Poor Ed Miliband. Challenged on Desert Island Discs to name the record he’d take, if he could only take one, he abjectly nominated Robbie Williams’ Angels. Derision was universal and prompted David Cameron to make that quip about ‘loving Engels instead’.
It prompted Janice Turner to observe in The Times: Music is rather overrated in my view, though I know to admit this is like saying I have an aching void in my soul. I would exchange all eight records and my luxury for non-stop Radio 4.
I found that comforting. Brits are peculiarly nuts about music. In this country you defensively map your personality profile by the bands you claim to love. One slip and you’re in the Ed doo-doo. I expect a lot of people lie. Remember Gordon Brown’s Arctic Monkeys? I bet your toes curled when you heard that.
Which is why music is so important at funerals. If you want to define a clear and admirable legacy, do it with pop songs. They’ll express the very essence of you. Just have a look at YouTube and see how many people have posted their funeral playlist.
Music that was special to a dead person may well not be exclusively or even partially evocative of that person. If it does not embody the spirit and personality of the dead person, we listen dutifully and either enjoy it for its own sake or for the associations it has for us; or we just sit dutifully and passively and wait for it to stop.
Music is unquestionably powerful. But a pop song has peculiar power to take each of us back to a particular time and place and fill us with the particular feelings we had about what was going on in our lives back then. It can be a massive distraction.
I can only recall one funeral where the music embodied the person who’d died. Actually, he’d killed himself. I can’t remember what the music was, and no one knew it. But it was jazzy, quirky and droll, just as the dead young man had been — it was perfect. And because we’d never heard it before, it was powerful enough to make us smile.
Sorry, but ‘This was a song she loved’ usually just doesn’t hack it. So what?

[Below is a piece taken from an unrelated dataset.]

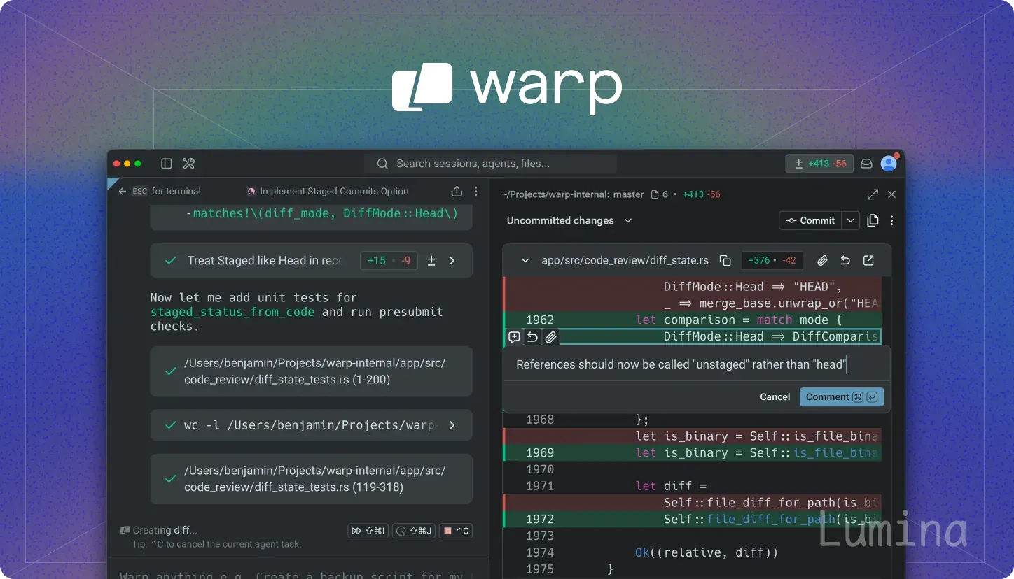 Warp是一款基于终端的智能化开发环境,由OpenAI赞助开源。其核心代码采用AGPL v3许可证,UI框架采用MIT许可证。项目支持内置编码代理及第三方CLI代理集成,提供完整的本地构建流程和社区贡献机制。

And if it’s a song that’s often played at funerals, it depersonalises the occasion and makes it generic.
For me, please, silence. At a pinch, Radio 4 on in the background — I used to sleep with it on until my most recent wife made me stop.
Actually, I could be tempted by this elephant playing a piano duet.
Lovely! I wouldn’t say music is ‘overrated’ but it’s certainly difficult to choose a single piece that’s ‘defining’. Especially publicly: Ed’s Engels and Gordon’s Monkeys! Music is the shorthand of emotion and we all change moods all the time. Tolstoy said that, after silence, that which comes nearest to expressing the inexpressible is music. He wasn’t referring to lyrics about twerking.
Larkin is wise, in his less deceived way. In one poem he describes a visit, his mother in the kitchen, he in another room listening to his beloved jazz. his mother calls out ‘that’s a pretty one dear’ and he reflects:
‘Oliver’s Riverside Blues, it was. And now
I shall, I suppose, always remember how
The flock of notes those antique negroes blew
Out of Chicago air into
A huge remembering pre-electric horn
The year after I was born
Three decades later made this sudden bridge
From your unsatisfactory age
To my unsatisfactory prime.
Truly, though our element is time,
We are not suited to the long perspectives
Open at each instant of our lives.
They link us to our losses: worse,
They show us what we have as it once was,
Blindingly undiminished, just as though
By acting differently, we could have kept it so.’
The last three lines seem very apt. Music is often the point in the service where emotion surfaces. It’s used sometimes as a shared joke or a private memory. Sometimes it’s there as a surprise or even a shock for everyone not in on the secret.
However it is used though, it has the merit of not being words and even songs with twerking in them can carry all sorts of meanings for the people listening.
I wonder if the problem is that it may have been his favourite song, but does it have a funerary function? Does it help with what’s happening? Vera Lynne singing “The White Cliffs of Dover” may work for the edlerly in the congregation, but the young ‘uns will probably just wait until it is over.
And I don’t know that, recently, coming in to a jaunty early rock and roll number – his favourite artist – was a lot of help to his family. He’d died, by modern standards, quite young, and there was a lot of sadness in the room.
The symbolic function of his favourite song may be a long way from the ritual or ceremonial function latent in music. Why not keep the less evocative, more purely personal stuff for the wake, or whatever you want to call it?
This is nothing to do with high/low culture. We’ve all heard pop songs at funerals that, in context, and in relation to the dead person, can be very moving and effective – but that’s because the music was right for a funerary purpose, not just because he liked The Big Boppa.